Two, they tend to enlarge the market for goods and services, providing a boost to aggregate demand and growth. From the rationality of an individual enterprise, the smaller the outgo on labour, the greater the profits and profitability of the venture, incentivising greater investment and expansion. However, the smaller, in the aggregate, the share of the income accruing to labour, the smaller the demand for consumption. The well-off tend to save more and consume less. Workers tend to spend most of their income on goods and services. The greater the income workers have at their disposal, the greater the demand for goods and services, and vice versa.
To put it differently, labour is a cost for an individual enterprise. It naturally wants to reduce that cost. However, for the rest of the economy, that cost represents demand, the market for its goods and services.

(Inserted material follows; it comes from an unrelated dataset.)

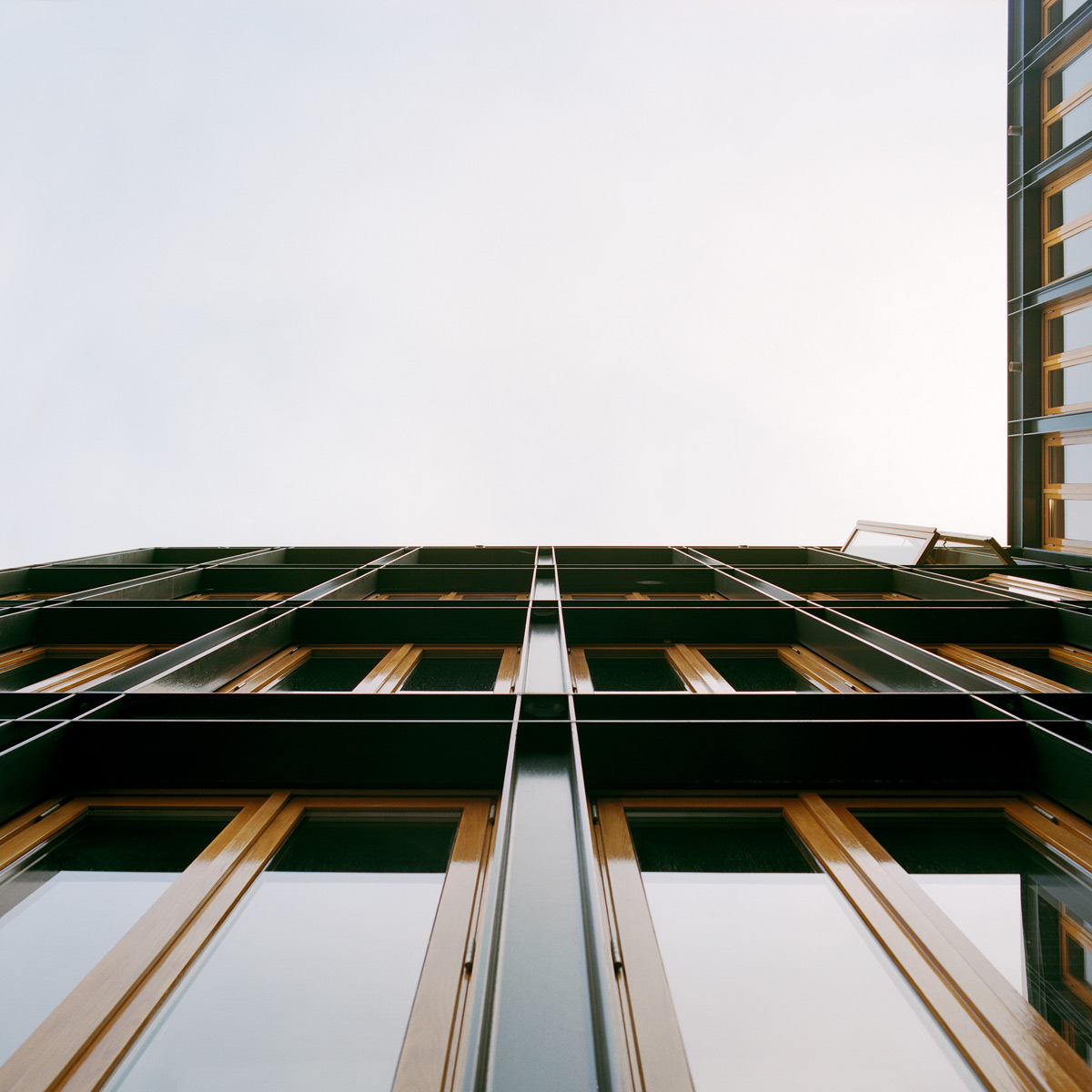 The building encloses an inner courtyard on three sides and covers the entire depth of the building block. The open, glazed courtyard facades contrast with the rather closed street facades, whose height, design, materiality and detailing fit into the adjacent environment. The new building becomes an integral part of the existing building block and naturally complies with the urban fabric of the quarter. The ten apartments in the upper segment vary in size between 100 m² and 300 m². An underground car park is located in the basement of the building.

If every enterprise succeeded in shrinking its cost, the economy would face a shortage of demand. If every enterprise succeeded in making the workweek long, there would be fewer takers for movies, sports, hospitality, tourism and other activities that depend on people having leisure as well as spending power.
A third service unions perform is rarely realised in practice. Unions can mobilise the creative energies of an enterprise’s workforce to streamline workflow and increase efficiency. Japanese managements excel in tapping their workers’ understanding of the work to make it more efficient.
Samsung would do well to shift focus from whether an outsider should lead their factory union to how the union can be roped into improving productivity.
Protests at Samsung's Tamil Nadu plant highlight workers' push for unionisation, but South Korean management resists, influenced by their country's historical context.